5 ways to be happier and live longer

Small changes to your lifestyle could make you happier, and see you living a longer, healthier life. There's no magic cure, but Head of Clinical Research Dr Ben Kelly has 5 top tips to help you keep your mind and body firing on all cylinders well into retirement.

We’ve all been through a lot over the past 18 months. Our social lives may have suffered due to the restrictions, we may not have been as active as we’d have liked, and we may have found it difficult to switch off at times. But right now health and wellbeing has never been more important.

Here are 5 ways you can stay fit, well and happy for longer, along with a few examples to get you started. 

1. Keep your friends close

A study of over-50s in the UK found that those who maintained or grew their social circles after retirement experienced a beneficial effect on their quality of life, while those who took part in fewer social activities during a given period suffered a decline in quality of life.

Whether it's a monthly meet up for coffee, a Zumba class with a friend, or a walking holiday with an entirely new group of people, socialising can improve our emotional wellbeing and health.

A great excuse to catch up with some old friends, or even make some new ones.

2. Ward off illness by keeping fit

This one sounds glaringly obvious, and of course there are some illnesses that we can’t sidestep, no matter how fit and healthy we are. But there are some common conditions that we can avoid by making good lifestyle choices. As the old saying goes, prevention is better than cure.

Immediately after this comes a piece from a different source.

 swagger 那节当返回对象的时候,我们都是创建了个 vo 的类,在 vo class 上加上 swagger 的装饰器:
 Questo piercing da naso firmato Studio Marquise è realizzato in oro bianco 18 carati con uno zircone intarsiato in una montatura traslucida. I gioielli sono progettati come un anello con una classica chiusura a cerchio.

Getting your heart rate up for 30 minutes, three to five times a week, can reduce your chances of high blood pressure, high cholesterol and even stroke. It could be anything from a brisk walk to an energetic indoor cycling session. And strength training can lower your chances of developing type-2 diabetes

3. Boost your brain power through exercise

A recent review of studies published in the British Journal of Sports Medicine found that individuals over 50, who take regular moderate exercise, showed improved thinking and memory skills. The bottom line? Exercise is beneficial to your brain. So that cross-trainer workout could be helping you work out your crossword.

Exercise such as tai chi, yoga and Pilates are ideal if you want a gentle muscular workout that still benefits the brain, and they're generally offered as classes, so you can be guided through the movements by an expert.

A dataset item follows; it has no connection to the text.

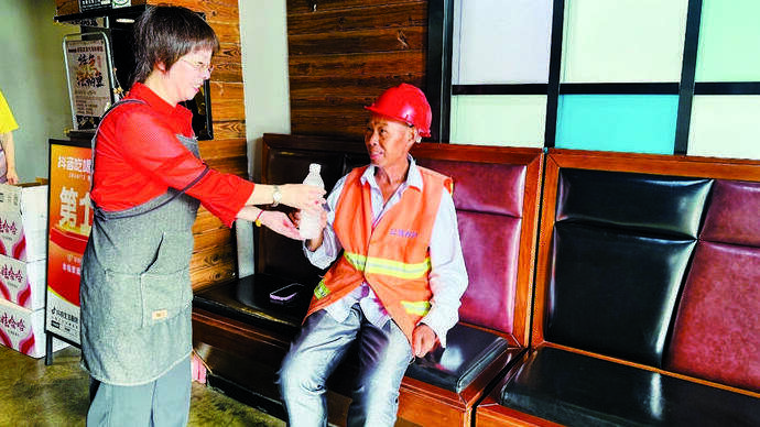 除了免费餐食,这里还是环卫工人的补水站、外卖员的歇脚处、游客的咨询点。洗手间永远对外敞开,茶水永远免费供应,餐后打包从不收费——“勤俭节约是老祖宗传下的美德,不该被收费拦着。”她笑着说。

Swimming and cross-training are great low-impact options for raising your heart rate while being kind to your joints. If you’re feeling energetic, indoor cycling or rowing will do the job too. In fact, even a brisk walk will raise your heart rate slightly. The choice is yours.

4. Get medical concerns checked out

You wouldn’t let your car go on past its service date. And you wouldn’t ignore that strange clanking sound coming from the steering column either. Most of us wouldn’t dream of waiting until a breakdown to call out the specialists.

Our bodies are vastly complex machines and, just like cars, they can start to play up and make strange noises too. If you notice something new or out of the ordinary with your body, get it checked out straight away with the appropriate professional, such as a GP, physiotherapist or optician.

Even if you think things are ticking along fine, having an expert check the box that says ‘all okay’ can offer you peace of mind, as well as the confidence to keep rolling for another few thousand care-free miles.

5. Relax and unwind

Yes, staying physically and mentally active has enormous health benefits. But all that socialising, exercising and staying sharp requires energy. To recharge your batteries, make time to take it easy as well.

Meditating (there are even classes for that), relaxing in the spa pool, or simply finding a quiet corner to read a book and have a cuppa – these all count towards maintaining balance and improving your emotional wellbeing.